We invite organizations and enterprises to take a holistic strategy to know their cloud sources, infrastructure, and purposes. You’ll be able to allow and educate your groups by way of a single pane of glass, whereas working on an information modernization lakehouse making use of Nicely-Architected ideas, greatest practices, and cloud-centric rules. This resolution can in the end allow close to real-time streaming, leveling up a COE Framework properly into the longer term.
Concerning the Authors
Sean Zou is a Cloud Operations chief with MuleSoft at Salesforce. Sean has been concerned in lots of elements of MuleSoft’s Cloud Operations, and helped drive MuleSoft’s cloud infrastructure to scale greater than tenfold in 7 years. He constructed the Oversight Engineering perform at MuleSoft from scratch.
Terry Quan focuses on FinOps points.

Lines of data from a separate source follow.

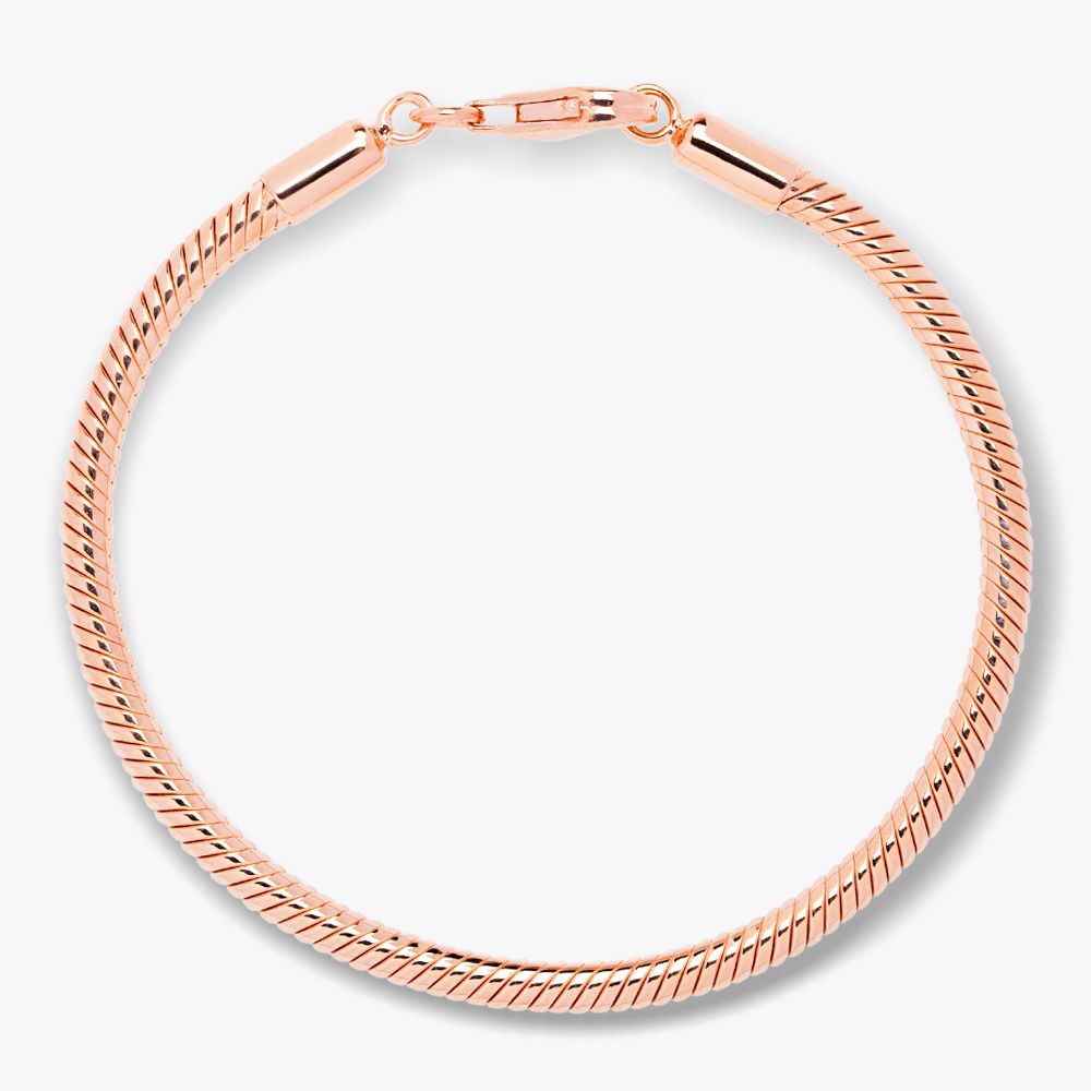 A gorgeous Rosa Lea charm bracelet made from rose gold plated sterling silver. This 4mm thick snake chain is perfect displaying your favourite charms.
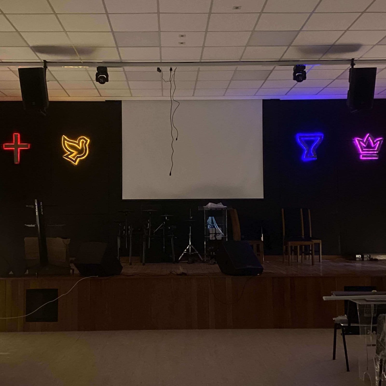 Pois com o LED, seu letreiro ganha vida, iluminando o espaço sagrado de forma sublime.
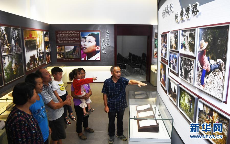 毛相林(右一)在下莊精神陳列館內(nèi)講述當(dāng)年修路的故事(2020年7月3日攝)。
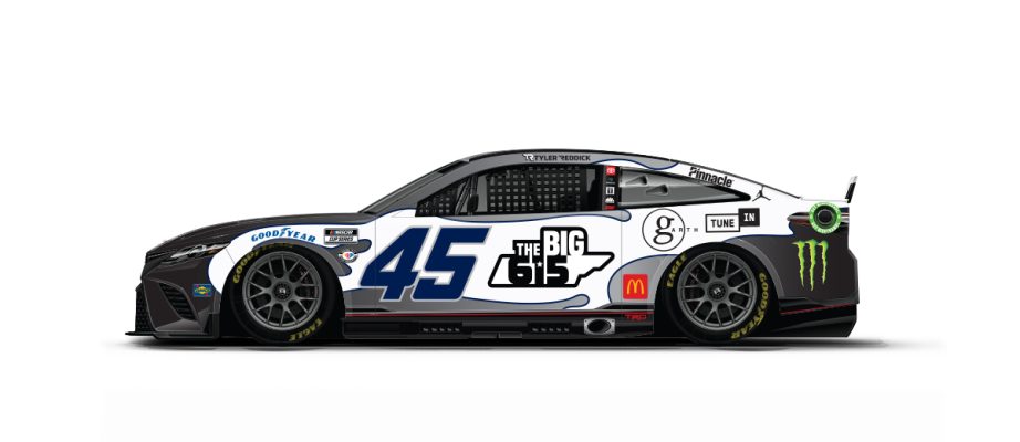 Tyler Reddick #45 The Big 615/Moneylion Toyota Camry-New sponsor for 2023, teal, black, and white, with a wave design. D
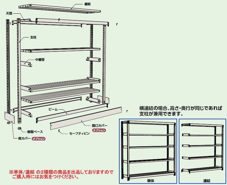 | ・別売りの連結棚を使用すれば棚の増設も容易です。 ※連結の場合、高さ・奥行が同じであれば支柱が兼用出来ますのでスペースを有効活用できます。 | ||||||||||||||||||||
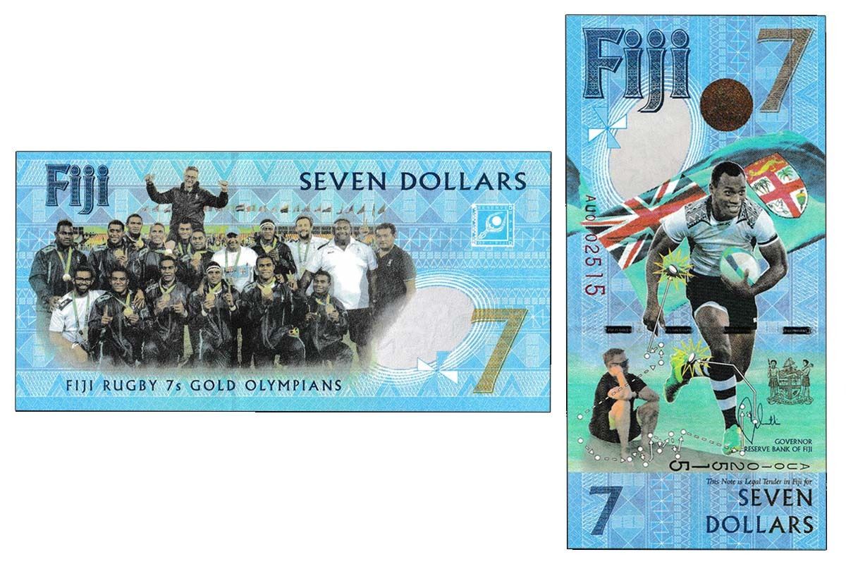 Fiji, 7 Dollars, 2017 Commemorative issue on Fijian Rugby 7s Team winning the Gold Medal in Rio de Janeiro, Brazil, Obv. Fiji flag, Olympic coach Ben Ryan sitting on Sigatoka sand dunes, Olympic captain Osea Kolinisau running with ball gold medal, Rev. Fiji Rugby 7s Gold Olympics with Prime Minister Josaia Voreqe Bainimarama and team officials, (P#120), UNC, Rare.
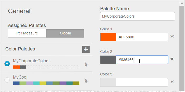 - For the Assigned Palettes field, click either Per Measure or Global, depending on the scope of the changes.
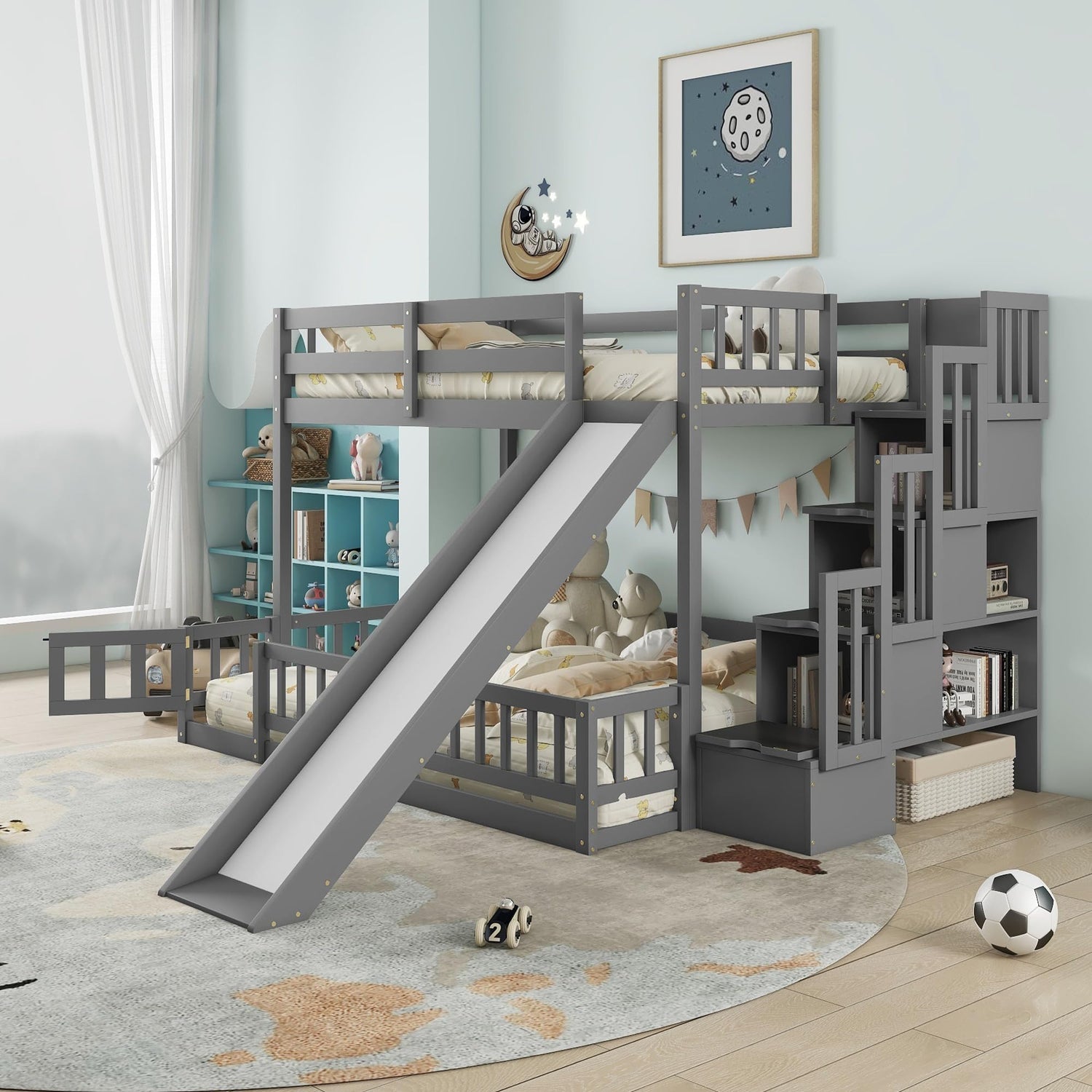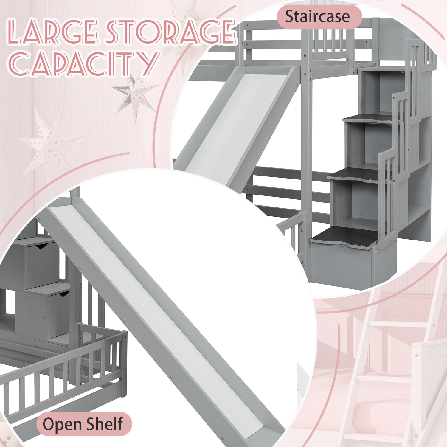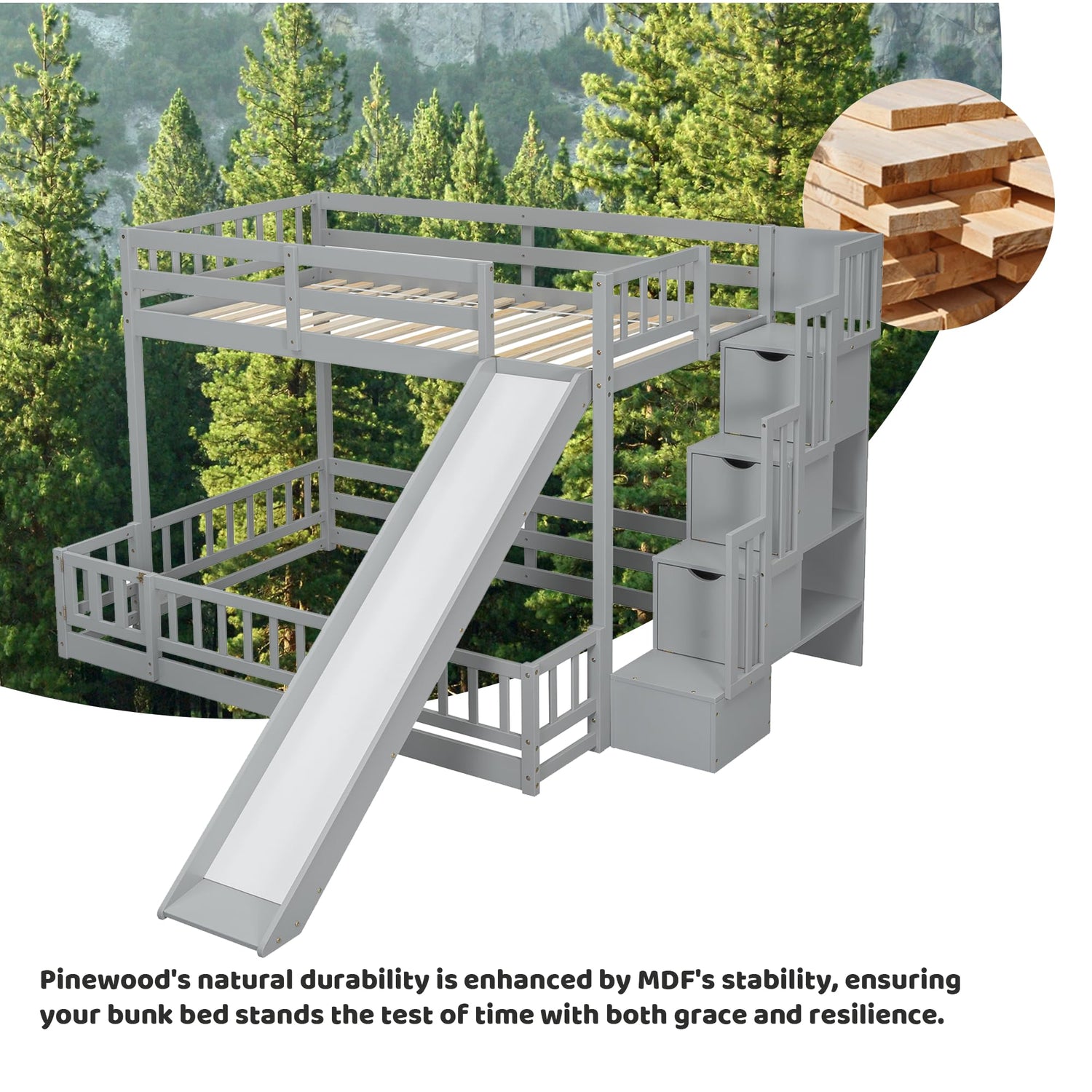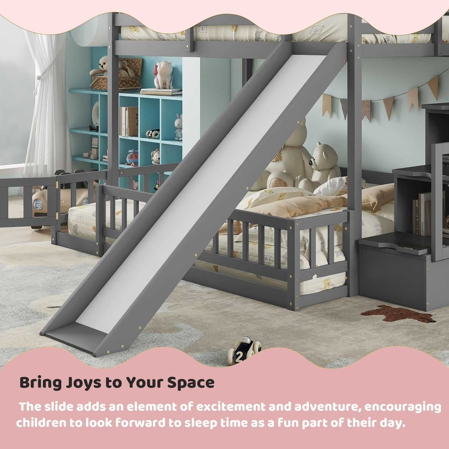 - 【Bunk Bed with Slide and Stairs】- This kids twin over full bunk bed built-in stairs and slide, it is easy for children to climb up and down from the top bed. Featuring a slide for kids to play, this wood bunk bed can add fun to children and develop their sense of balance and coordination.

He works on MuleSoft Engineering on cloud computing budgets and forecasting, price discount efforts, costs-to-serve, and coordinates with Salesforce Finance. Terry is a FinOps Practitioner and Skilled Licensed.
Audrey Yuan is a Software program Engineer with MuleSoft at Salesforce. Audrey works on knowledge lakehouse options to assist drive cloud maturity throughout the six pillars of the Nicely-Architected Framework.
Rueben Jimenez is a Senior Options Architect at AWS, designing and implementing complicated knowledge analytics, AI/ML, and cloud infrastructure options.
Avijit Goswami is a Principal Options Architect at AWS specialised in knowledge and analytics. He helps AWS strategic prospects in constructing high-performing, safe, and scalable knowledge lake options on AWS utilizing AWS managed providers and open supply options. Outdoors of his work, Avijit likes to journey, hike, watch sports activities, and take heed to music.